Terkadang, ia harus berdiri dan menggunakan salah satu kakinya untuk mengencangkan jaring sepanjang sekitar 50 meter itu agar tak makin kusut. Sesekali nelayan berusia 48 tahun itu mengusap keringat di wajah menggunakan pakaiannya.
Maklum, cuaca di pesisir Pantai Kedonganan, Kuta, Kabupaten Badung, Bali, saat pagi menjelang siang itu cukup panas. Menjadi nelayan adalah profesi utama pria asal Banyuwangi, Jawa Timur, tersebut sejak masih muda hingga saat ini sudah memiliki dua anak.
Berkat menjadi nelayan pula, ia bisa menyekolahkan anaknya yang paling besar hingga tamat di salah satu sekolah menengah kejuruan (SMK) di kampung halamannya.
Meski begitu, sejak beberapa tahun terakhir, hasil tangkapannya tak menentu. Kadang beroleh 15 kilogram ikan, kadang kurang dari 100 kilogram dan bahkan beberapa ekor ikan atau tidak mendapatkan hasil, sehingga ia pun merugi.
Nelayan keluarkan ratusan ribu untuk pergi melaut
Padahal, biaya yang ia keluarkan untuk mencari ikan rata-rata dalam satu kali melaut mencapai sekitar Rp400 ribu, sekitar Rp200 ribu di antaranya terserap untuk membeli bahan bakar minyak (BBM).
Ia melaut menggunakan bensin, dengan harga Rp10 ribu per liter. Rata-rata sekali melaut hingga kembali menepi selama satu malam, ia menghabiskan sekitar 20 liter BBM.
Dengan menggunakan jukung atau perahu kayu khas Bali bernama “Rajawali 1”, ia melaut di sekitar perairan Uluwatu, Kabupaten Badung, dengan tangkapan biasanya ikan tongkol dan lemuru.
Ahmad tak bisa memperluas jangkauannya, salah satunya terkait biaya untuk membeli BBM. Biaya lainnya adalah jasa mendorong jukung ke tengah laut, hingga biaya menaikkan dan menurunkan muatan. Termasuk, ongkos untuk bekal selama melaut.

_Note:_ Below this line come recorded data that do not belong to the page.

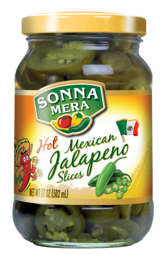
Sonnamera Jalapeno Slices

The Sonnamera pickles range includes Sonnamera Sweet and Sour Gherkins, Jalapenos, Cornichons and several more. Sonnamera pickles are gluten free, lactose-free and suitable for vegetarians.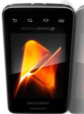
See larger image.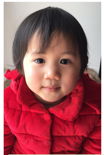
After the Treatment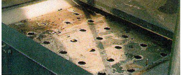
Pool paint peeling on pans poses problems.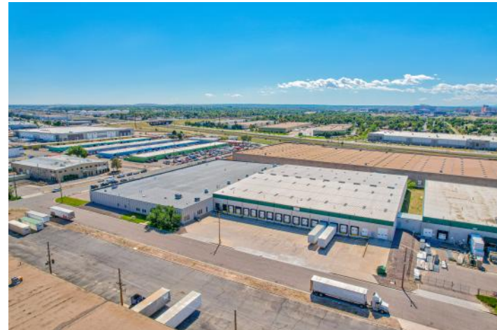
13100-13300 East 38th Ave, Denver, Colorado 80239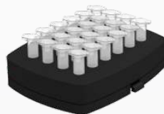
Micro Centrifuge Tube 20 x 1.5/2ml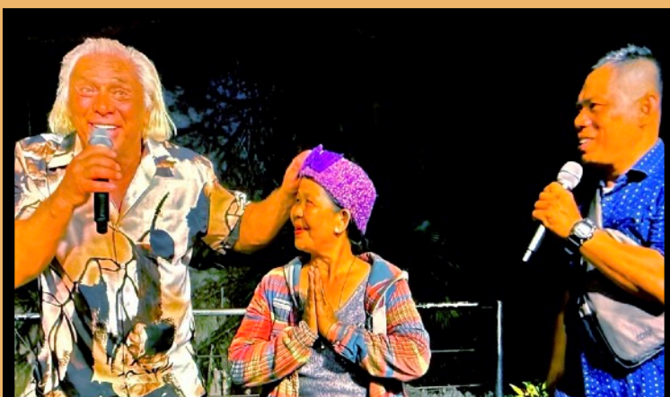
Was totally blind in one eye — so thankful to Jesus

~ IT IS FINISHED ~ TO BLIND EYES AND FAILING EYESIGHT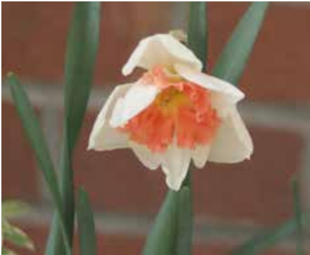
Narcissus Division 11: Split Corona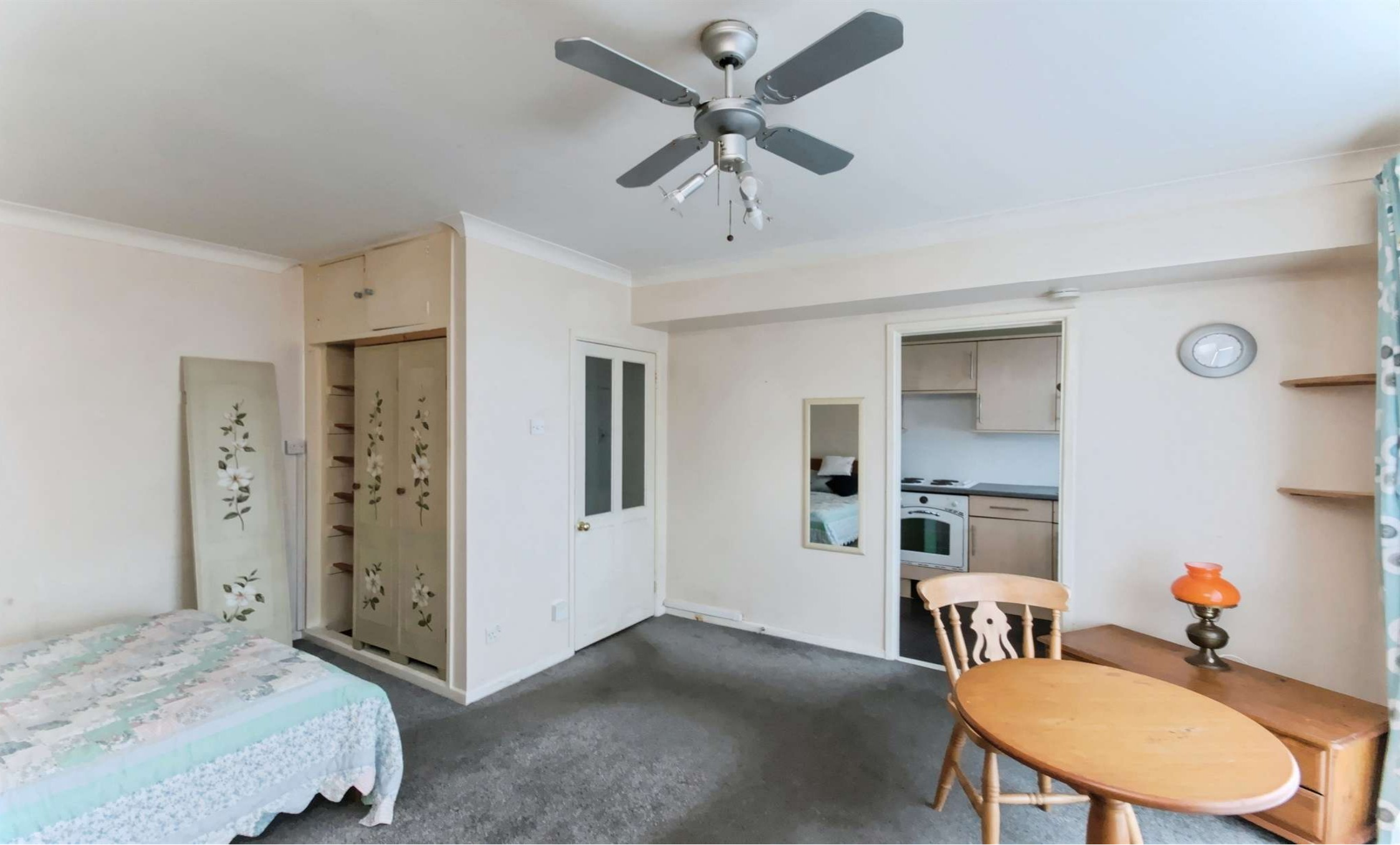
Manton Court Rotunda Road, Eastbourne BN23 6LG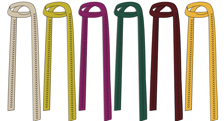
écharpe fine "Zenja" 563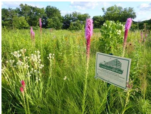
Photo: Conservation@Work at the St. Charles Park District's Hickory Knolls Discovery Center

The final draft of the Mill Creek Watershed-based Plan and an executive summary is available on FREP's Mill Creek webpage under the "Resources & Documents" section.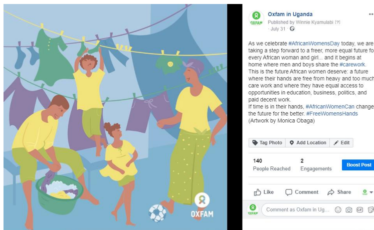
One of the online engagements encouraging people to take a step forward to a freer, more equal future for every African woman and girl.

The African Union set aside July 31 st for the commemoration of the African Women’s Day, popularly known as the Pan African Women’s Day which offers a national, continental and global opportunity to recall and affirm the significant role played by women in the evolution of a strong Pan Africa identity, with shared values, objectives and vision for the future.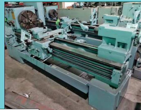
(35) Engine Lathes to 40" Swing and 234" Centers, Gap, Taper, Tooling

3-3/4" Cincinnati Gilbert Model T-350 Table Type Horizontal Boring Mill; 42" x 78" Table, 60" Vertical, DRO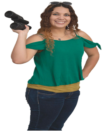
Heather Natural Science Program

Lists of directory information will not be made publicly available to third parties.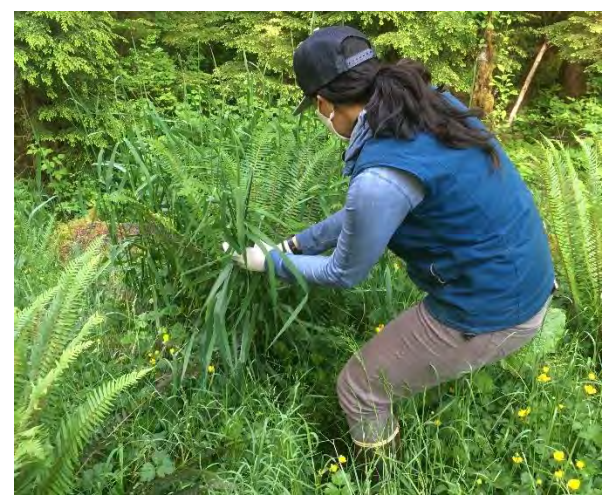
Photo 12: Reed canarygrass is untangled from a native sword fern patch.

If reed canarygrass is growing in or alongside native vegetation avoid herbicide overspray by untangling and bundling reed canarygrass ( Photos 12 and 13 ). To bundle reed canarygrass, gather stems by gently pulling out of native plants, starting from the base of the RCG clump. Twist the stems to form a loose knot. Avoid breaking stems, as herbicide will be less able to translocate to the roots. Spray bundles with herbicides as described above. Spray the exterior of the bundle, the top of the bundle, and with the wand inside the bundle. Native plants can be protected if they are pushed aside by stepping on the stem, pushed outward and held down by fallen branches, or bent or cut away before spray treatment ( Photo 13 ). Unsprayed native plants return the following season, reducing impact and replanting costs.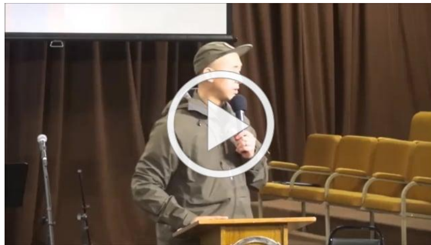
Hyung Jin Moon 2/5/19 Festival "Brave Christians" Talk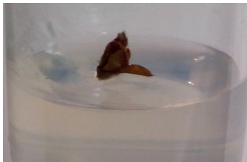
Figure 2. Loss of explant after one week from culture due to reactions of phenolic substances (Florin variety)

superoxide dismutase and peroxidase are released into the affected part of the plant. These enzymes work to maintain plant tissues by catalysing various reactions for the purpose of eliminating reactive oxygen and thus healing the plant (Titov et al., 2006).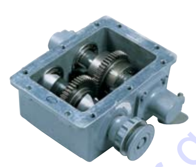
Heavy-duty vibrator bearings for long life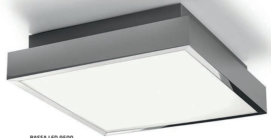
BASSA LED 9500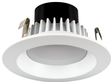
120V Triac Dimming Ver.

Use the switch to set the desired CCT (Correlated Color Temperature).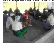
Focused group meeting at Zogoale village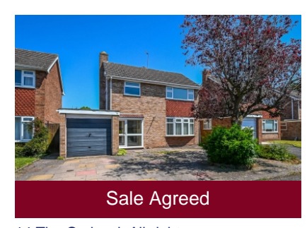
14 The Orchard, Albrighton, Wolverhampton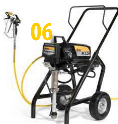
06 - ProSpray 3.29 - Solid airless unit for emulsion jobs up to 800 m²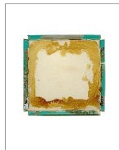
Artist: Linda Lindroth Title: Howard 2 Date: 2011 Size: 32" x 37" medium: Archival Pigment Print on Epson Hot Press Natural Price $3750 framed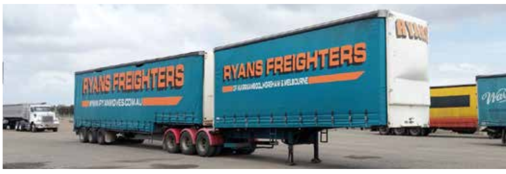
Vawdrey & Topstart | Geelong

Ia juga harus membeli sekitar satu liter oli campur bensin agar operasi mesin kapalnya berjalan lancar. Selain karena biaya, makin banyak BBM yang digunakan, maka makin besar pula tingkat pencemaran lingkungan yang berpotensi terjadi.
Energi hidrogen untuk masa depan
Ahli ekonomi energi dari Institut Penelitian Ekonomi ASEAN dan Asia Timur (ERIA) Han Phoumin mengungkapkan hidrogen merupakan bahan bakar penting yang berkontribusi untuk mendukung energi bersih untuk masa depan.
Kebutuhan energi bersih pun diproyeksi meningkat seiring target netralitas karbon atau emisi nol karbon pada 2060 atau lebih cepat dari target.
Hidrogen pun dapat menjadi penentu energi bersih yang bisa digunakan untuk kebutuhan serbaguna, di antaranya sektor transportasi yang menyumbang lebih besar polusi.
Indonesia berpeluang besar memaksimalkan produksi hidrogen mengingat banyak sumber energi baru terbarukan (EBT) yang bisa juga memproduksi hidrogen, misalnya dari energi surya, panas bumi, hidro, dan angin.
Tak hanya itu, batu bara, minyak bumi, dan gas alam yang salah satunya terproses melalui gasifikasi dapat menghasilkan bahan bakar hidrogen.